Shabana Mahmood and David Lammy have been found to have breached a prohibition on inhuman or degrading treatment with respect to a prisoner who spent months segregated from other inmates, in what is believed to be a legal first.
Sahayb Abu was confined to his cell at HMP Woodhill in Milton Keynes, for 22 hours a day and prevented from associating with other prisoners for more than four months after Hashem Abedi, the brother of the Manchester Arena bomber, allegedly attacked prison officers at HMP Frankland.
Abu, a convicted terrorist serving a life sentence, was already being held in a separation centre for prisoners believed to be at risk or radicalising others, which has also been described as small group isolation, but was moved to even more restrictive conditions following the attack by Abedi in April.
In what is believed to the the first instance of ministers being found in breach of article 3 of the European convention on human rights, Mr Justice Sheldon found that Lammy, the justice secretary, and Mahmood, his predecessor, should have considered Abu's existing mental health issues before he was moved.
In his written judgment, the judge said: "In the context of a prisoner who has a history of trauma and where there was a failure to obtain an assessment of his needs even though he was known to have mental health issues, and a failure to provide him with any therapeutic treatment to address his trauma, a contravention of article 3 is made out, notwithstanding the importance of the aim behind the segregation regime.
"The suffering that the claimant has experienced goes way beyond the inevitable element of suffering that is connected with segregation: an otherwise legitimate form of treatment. An individual who is segregated from others and deprived of the usual activities available to prisoners (education, work, communal prayer) will inevitably suffer isolation and an element of distress and anxiety. What the claimant experienced was much more severe than that: he is suffering from post-traumatic stress disorder, brought on (at least in part) by the segregation."
He said that his judgment did not mean that the same segregation regime would contravene article 3 in the case of a prisoner with an ordinary level of resilience, but the "claimant was not such a prisoner, given his history of trauma and associated mental health needs".
The judge said he would consider whether damages were necessary at a later date.
In a witness statement, Abu said he suffered "paranoia and flashbacks" in the separation system, and in segregation "[my] mental health has deteriorated to the point that I am experiencing constant thoughts of suicide and self-harm".
Separation centres, which currently house 12 prisoners, according to the judgment, have come under increased scrutiny this year.

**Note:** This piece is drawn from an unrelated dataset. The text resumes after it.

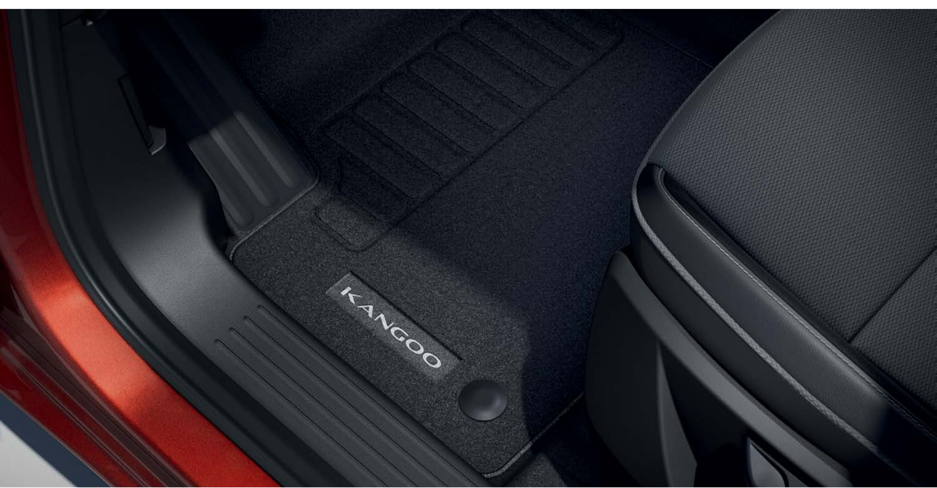
premium tekstilni tepisi - prednja i stražnja sjedala (82 01 735 433)

Odlučite se za našu ponudu visokokvalitetnih tepiha. Pričvršćeni su kopčama i pružaju udobnost, trajnost i vrhunski izgled. Oplemenjuju cijeli putnički prostor.

In another judgment, handed down in January, the high court found that the decision to place Denny De Silva, who was serving a life sentence for a gangland murder, in a separation centre was unlawful as it had relied on allegations of radicalisation activities in prison by De Silva, without establishing whether or not they were true. In comments that were also referred to in the Abu case, Mrs Justice Hill said: "Research indicates that small group isolation regimes can produce serious and adverse psychological effects similar to solitary confinement."
Earlier this month, an independent commission set up by the Bingham Centre for the Rule of Law said there was "limited research evidence and evaluation of the effectiveness of separation centres".